Finnmarksvidda vormt een uitgestrekt bergplateau, een niemandsland waar ondergesneeuwde rendierhekken en sporadische sneeuwscootersporen de enige bewijzen vormen dat hier wel degelijk geleefd wordt. Een wit glinstertapijt tot zover het oog reikt, zelfs de berken zijn wit hierboven, met dikke kristallen van rijp behangen. We knarsen er op onze ski’s overheen, twee mensen in die grote witte leegte.

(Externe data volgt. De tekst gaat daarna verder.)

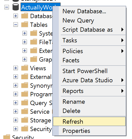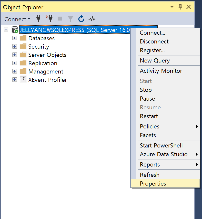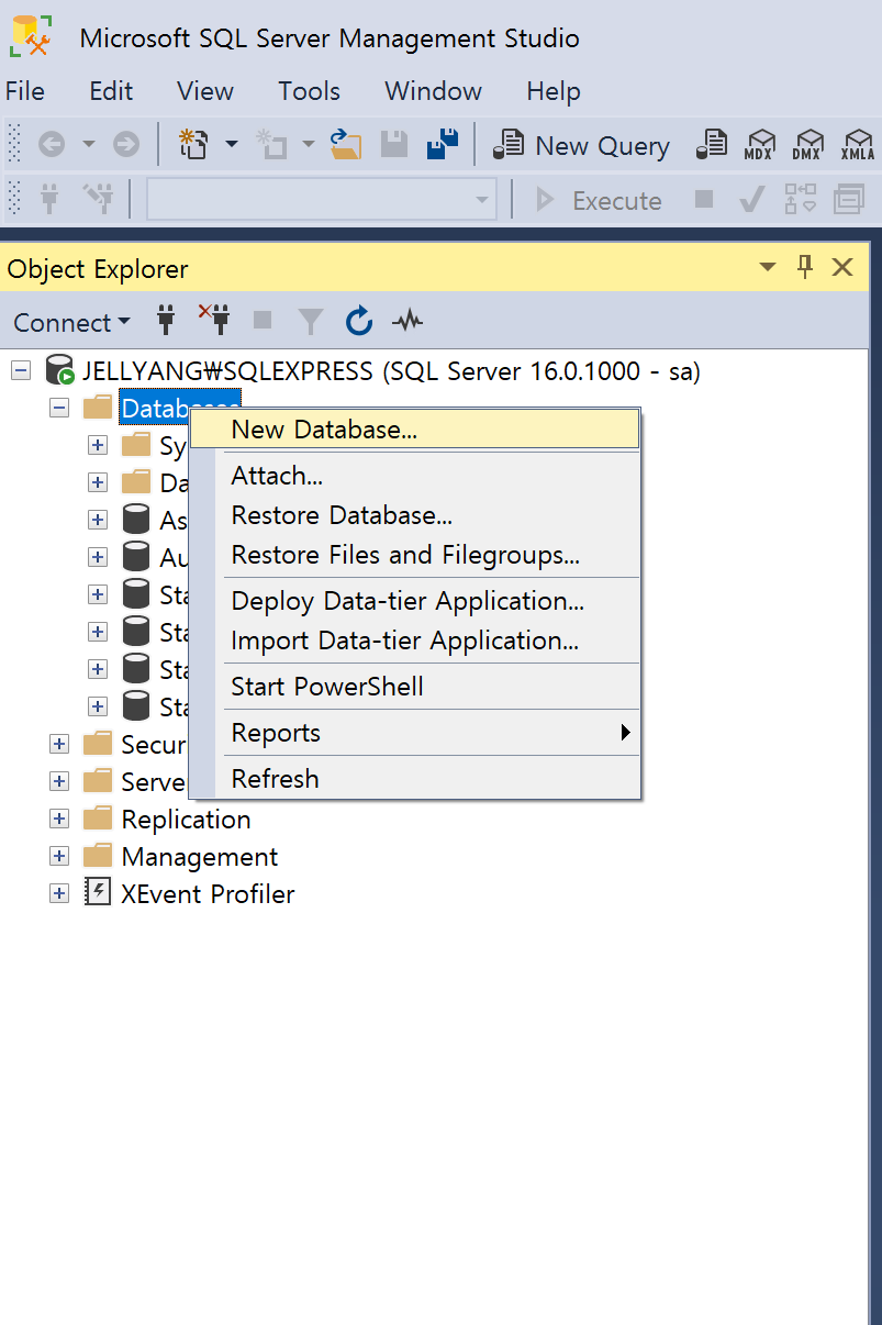 Sql Server Management Studio로 가서 Databse를 확인하겠습니다.

De hevige kou maakt de lading verse sneeuw tot hoogpolig cement waar we onze sledes doorheen sleuren bij het geluid van schurend piepschuim.

Maar dit gevoel van vrijheid! Alles wat we de komende twee weken nodig denken te hebben schuift achter ons aan en de horizon wordt onze volgende bivakplaats. Wel akelig koud trouwens. Ik loop nu al met een gezichtsmasker op en het is nog maar de tweede dag. Gisteren vanuit het tot plus dertig opgestookte hotel, gevolgd door een zo mogelijk nog hetere taxirit, ongenadig de min twintig in gedropt. Wat eigelijk best aangenaam voelde. Had die wollen onderkleding eindelijk effect. Maar vanochtend voelt het anders. Het is windstil en krakend helderblauw, maar voortdurend word ik in neus en wangen gebeten, venijnige hapjes als speldenprikken, feller dan ik gewend ben. Straks in de pauze de thermometer maar eens checken!

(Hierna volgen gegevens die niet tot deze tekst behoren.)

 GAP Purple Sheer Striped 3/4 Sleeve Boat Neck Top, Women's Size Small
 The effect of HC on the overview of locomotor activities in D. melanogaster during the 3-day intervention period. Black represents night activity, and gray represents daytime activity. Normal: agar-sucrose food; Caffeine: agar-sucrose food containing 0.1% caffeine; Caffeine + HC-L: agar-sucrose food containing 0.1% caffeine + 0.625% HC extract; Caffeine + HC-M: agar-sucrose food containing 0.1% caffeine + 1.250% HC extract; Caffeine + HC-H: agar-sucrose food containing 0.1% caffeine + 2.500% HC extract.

We lopen steeds in blokken van anderhalf uur, dan een korte pauze van tien minuten op de slee, gehuld in dikke donsparka’s. Met de thermos, chocolade (op mijn lichaam voorverwarmd) en noten onder handbereik, zijn dat momenten om naar uit te kijken. De thermometer wijst min vijfendertig aan en gek, heel even heb ik een soort triomfgevoel, zo van: zie je nou wel, ik bén niet gek! Dan dringt het getal in volle hevigheid tot me door en ik besef nooit eerder zo’n kou meegemaakt te hebben. Niet dat we als twee rietjes zitten te trillen. Onze uitrusting is zorgvuldig geselecteerd en die donsjacks zijn heerlijk, nee, wijzelf vormen in deze extreme kou het grootste gevaar. Even de thermos met je blote handen vastpakken (je vingers zouden eraan vastvriezen), even een plas waarbij je het liefst die onhandig lompe wanten uit wilt (je vingers gaan acuut tintelen) of even zonder ijzig gezichtsmasker lopen en het prikken in je wangen negeren (en je wangen vertonen witte bevriezingsplekjes). Als ik straks een dikker paar wanten aan wil, dan moet ik dat nu alvast een tijdlang op mijn lijf voorverwarmen. Steeds bij alles nadenken, goed nadenken, want bij dit soort kou kan het zomaar heel snel verkeerd gaan en dan is het genieten snel voorbij. We schuiven weer voort, de sledes achter ons aan hobbelend. Elke kier met de buitenlucht is dicht, vanachter mijn skibril en masker is het alsof de kou op afstand is. Eigenlijk is dit best lekker zo. Het lopen houdt ons net voldoende warm.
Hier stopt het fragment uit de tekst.